Credit

Bonds Revive After Doldrums

Market interest rates, credit spreads spur a bevy of new issues.
Stephen TaubSeptember 9, 2004

A burst of post-Labor Day activity has ignited hopes that the corporate bond market could be coming back to life. As investment bankers, investors, and top executives returned to work this week from their end-of-summer hiatus, issuers raised or announced plans for more than $10 billion in new paper, according to The Wall Street Journal.

At the same time, Michael Materasso, global head of fixed-income at Fiduciary Trust International, forecast that total September issuance will come in around $40 billion.

Granted, that would be shy of the $54.74 billion issued in September 2003. It would also be in line with $38 billion average worth of bonds being issue per month, according to the paper, which cited data from software provider Dealogic.

But the time might be right for an upturn, some experts think. “A combination of lower interest rates and tighter spreads (between corporate bonds and Treasurys) makes it an attractive time for issuers to come out with offerings,” Materasso told the Journal. Around the time that the Federal Reserve raised its benchmark interest rate in August, actual bond-market interest rates drifted lower for a short while because of negative economic news.

Leading the charge was BellSouth Corp., which sold $3 billion of senior debt in two parts, led by J.P. Morgan, according to Reuters.

Lehman Brothers Inc. and RBS Greenwich Capital were the other joint lead managers for the $1.5 billion that was issued in five-year senior notes, the wire service added. Lehman Brothers Inc. and Goldman Sachs & Co. were the other joint lead managers for the $1.5 billion issued in 10-year senior notes.

The offering came under an existing shelf-registration statement, the Journal pointed out.”We’ve decided to launch this transaction today because interest rates and credit spreads are attractive,” said Lynn Wentworth, treasurer at BellSouth, during a conference call for investors, according to the paper. “And we believe the market will be highly receptive to our offering.”

Meanwhile, Wells Fargo & Co. raised $2.6 billion from a two-part offering led by Bear Stearns & Co. and Citigroup Global Markets Inc. It sold $1.75 billion in five-year notes and $850 million in 12-year notes, according to Reuters.

For its part, DaimlerChrysler North America Holding Corp., a unit of DaimlerChrysler AG, sold $1.5 billion of three-year floating-rate medium-term notes. Other issuers included Merrill Lynch, Freddie Mac, and Britain’s HBOS Treasury Services, according to the Journal.

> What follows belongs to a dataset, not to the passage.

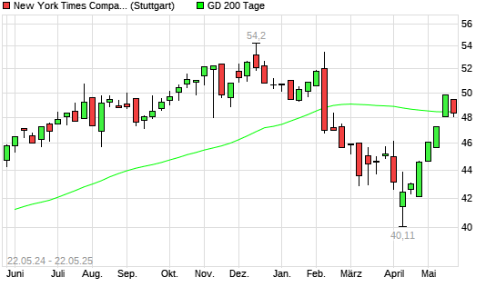 Mit dem Rücksetzer auf 48,48 EUR hat die New York Times Company-Aktie am 21.05.2025 die 200-Tage-Linie nach unten gekreuzt.

The paper also reported that the Inter-American Development Bank was ready to trot out a $1 billion, 10-year offering, while Brazil’s state-owned oil giant Petroleo Brasileiro, also known as Petrobras, was expected to issue a $500 million, 10-year offering.

“It’s normal to see a pickup in issuance in September,” Cindy Cole, a fund manager at National City Investment Management Co. in Cleveland, told the Journal.

The spate of offerings came roughly two weeks before the Federal Reserve’s next policy meeting, scheduled for Sept. 21, when it is expected to raise interest rates for the third time since the end of June.

On Wednesday, Federal Reserve Chairman Alan Greenspan seemingly dispelled any notion that the Fed would hold off on hiking rates at that time when he told the House Budget Committee that the economy has “regained some traction” after hitting a “soft patch” in late spring.